REQUIRED ACTION:
No picture belongs in the answer, which must hold exactly the lines from the one with "Der Hapert Sapphire" through the final line below.

SUPPLIED MATERIAL:
=== Begin Enclosure ===

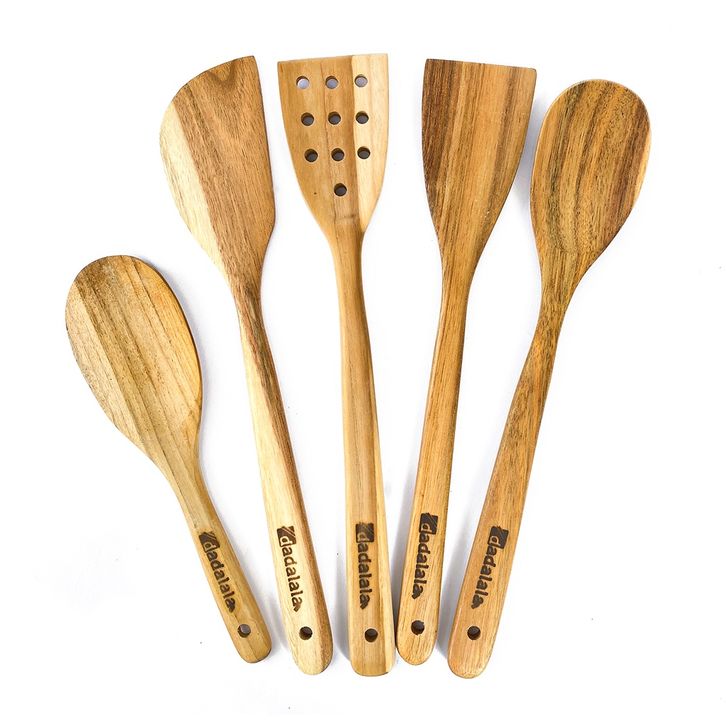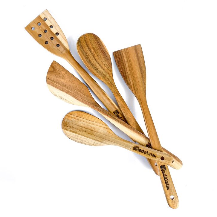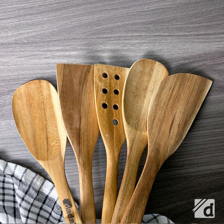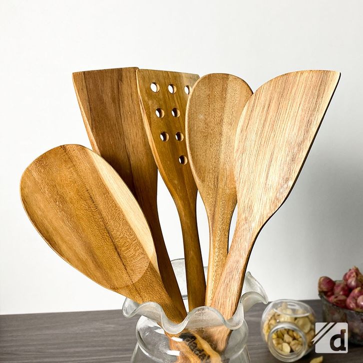 PROMO DADALALA Spatula Kayu Jati (1 Set 5 Pcs) Isi Sodet, Sendok Sayur, Centong Nasi dan Sutil Lubang udidd
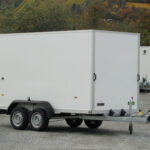 Der Hapert Sapphire L-2 – 2700 ist ein robuster Tieflader-Kofferanhänger, ausgestattet mit Türen hinten und einer Seitentüre vorne rechts für optimalen Zugang.
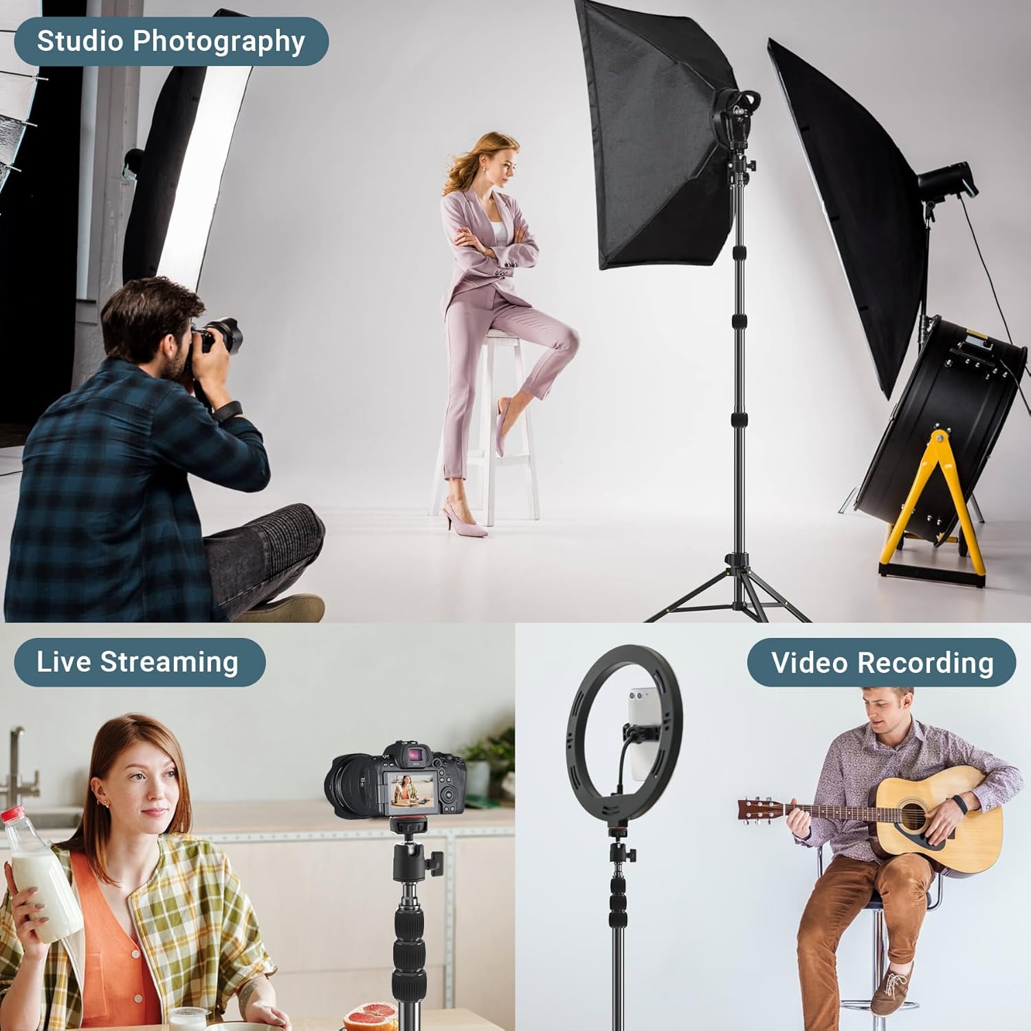 【Easy to use & Lightweight】 The lightweight tripod is easy to use. It can be quickly set up and adjusted without tools. Weighing about 545g/1.2lb (similar to two phones), it’s easy to carry whether traveling or recording in the studio or outdoors

=== End Enclosure ===

OUTPUT FOR THIS TASK:
 Der Hapert Sapphire L-2 – 2700 ist ein robuster Tieflader-Kofferanhänger, ausgestattet mit Türen hinten und einer Seitentüre vorne rechts für optimalen Zugang.
 【Easy to use & Lightweight】 The lightweight tripod is easy to use. It can be quickly set up and adjusted without tools. Weighing about 545g/1.2lb (similar to two phones), it’s easy to carry whether traveling or recording in the studio or outdoors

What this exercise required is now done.